事業再構築補助金の申請に必要な事業計画書とは?
今回は企業が自分で事業計画書を書けるようにすることが求められている。中小企業庁の見解を参照しても,オリジナリティを問われている。実際,今回,手引きや公募要領にて項目や審査基準は示されているが,中身や形式は自分たちで考えろということになっている。事業計画書と格闘させることにより,企業の力を引き出そうという趣旨を,非常に感じる。ちゃんとマーケットの情報,競争優位な点がしっかりと書かれていなかった企業が多かったということが,講評に置いて示されている。思い付きや結論ありきで自社に都合のいい事実を集めて並べるだけではだめなのだ。
※当社が支援した事業計画書の例
上記の通り,事業計画は項目のみ示されており,形式は指定されていない。Wordでなきゃダメだと言っているコンサルタントが多く,スライド形式では駄目だという意見が多かったが,採択結果を見ると,全然そんなことはなく,スライド形式で,写真やインフォグラフィックを多く使ったスライドの資料もある。審査の方も幅広く許容し,ちゃんと本質を見てやってくれていると感じている。
テンプレートのようなものはあるのか?
基本的にはそんな穴埋めみたいな作業ではダメだと思う。やはり型にはめようて発想が今回の補助金の趣旨にそぐわない。企業が一つのストーリーをしっかり書いてくるということが,一つ大事なことで,一部コンサルタントが示すような細かい形式論法で穴埋めをしてみても,無味乾燥で読めたもんじゃないと思う。公式見解のYouTubeを見ていても,もっと自分の頭で考えろということ言ってるんでまあそうすると項目のポイントは押さえながらやはり自分たちが言いたいこと,自分たちが世の中で実現したいを,ストレートに表現するのが一番良い。テンプレートから入ると,形式を埋めることに頭が行ってしまい,オリジナルの自分の言葉がなくなっていうところが弊害である。
中身をどう充実させるか?
事業計画書に記載すべき必須項目は公募要領等に示されているが,当該項目を網羅することで力尽き,個々の記載が薄いともうダメである。しっかりリサーチをして,自社の戦略を明確にし,市場分析を行い,事業計画の中身をしっかり考えて考え抜いて表現する,そういうスタンスでやっていかないと駄目で,当社も支援してる会社で1回目通らなくて会社から事務局に問い合わせていただいたらいろんな問題点出てきて,それを全部潰していったら,(文字を小さくして)1回目の倍ぐらいの分量になったことがある(その案件は,無事6000万円,採択された)。必須項目及びその順序を守りつつ,オリジナリティをどうだすかが重要である。顧客と一緒に共同作業で作り上げていくが,やっぱり引き出し手がいないとアイデアが出てこない。最初のヒアリングでも,1-2割ぐらいしか埋まらない。そこからが勝負で,そこからもっと具体的に考えるために対話を重ねることで,内容が良くなってくる。また,会社が持っていない「外部環境の情報」を,支援者もしっかりリサーチして会社が気づいてないことを入れ込んでいく必要がある。
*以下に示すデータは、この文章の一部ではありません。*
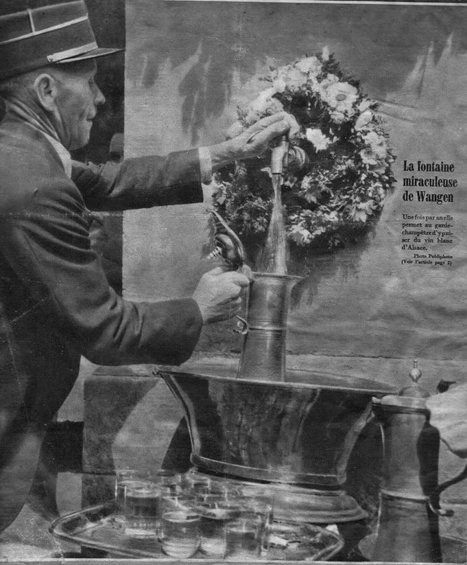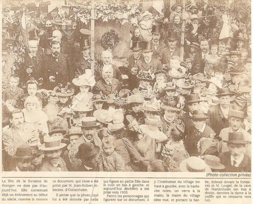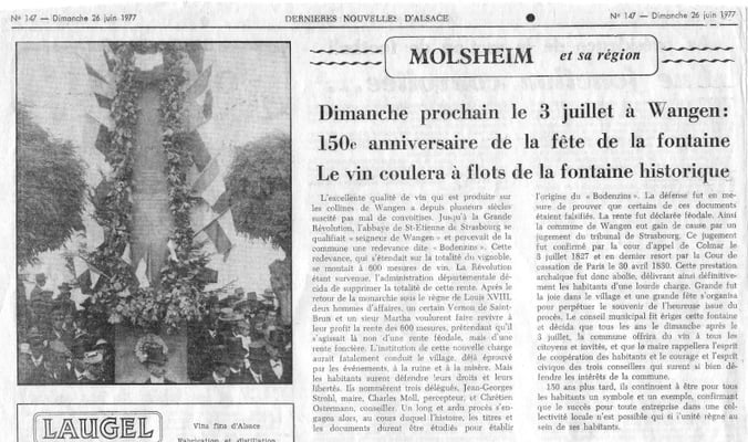 La prestation abusive était abolie, et la joie fut immense dans notre village. Pour perpétuer le souvenir de cette heureuse issue du procès, le Conseil municipal de l’époque fit ériger une fontaine et décida que tous les ans, le 3 juillet, si c'est un dimanche, ou le dimanche suivant le 3 juillet, la commune offrirait du vin à tous les citoyens et invités. Il fut également décidé que chaque année, le Maire rappellerait l’histoire, mais aussi la ténacité et l’esprit civique des trois conseillers qui ont défendu corps et âme la cause de WANGEN.

また,計画の練度も意識する。分量を埋めるだけの作業ではなく,骨太の本質論から外れている枝葉末節を切ったりとかも含めて終わりがない作業。申請期限の数日前を事業計画作成の期限とし,その時点までどんどんどんどん改良に改良を重ねていくイメージがリアルではないかと思う。
事業計画書の分量は?
一応,決まっており,原則15ページ,補助金額が3000万円以下の場合は10ページ,ということになっている。ただ,これをオーバーしても別に落とすことはしないということが示されている。このあたりの許容度も今回の補助金が形式主義ではない点ですばらしい。
審査基準は?
審査項目っていうか採点基準この項目がちゃんと書かれてるかって審査基準もちゃんと公表されてるんでそれをしっかり問いに答えるとか審査基準に合致するような記載を心がけるというところが重要である。
※審査項目(今後変更になる可能性あり)
補助対象事業としての適格性:補助対象事業の要件」を満たすか。補助事業終了後3~5年計画で「付加価値額」年率平均3.0%((【グローバル V 字回復枠】については 5.0%))以上の増加等を達成する取組みであるか。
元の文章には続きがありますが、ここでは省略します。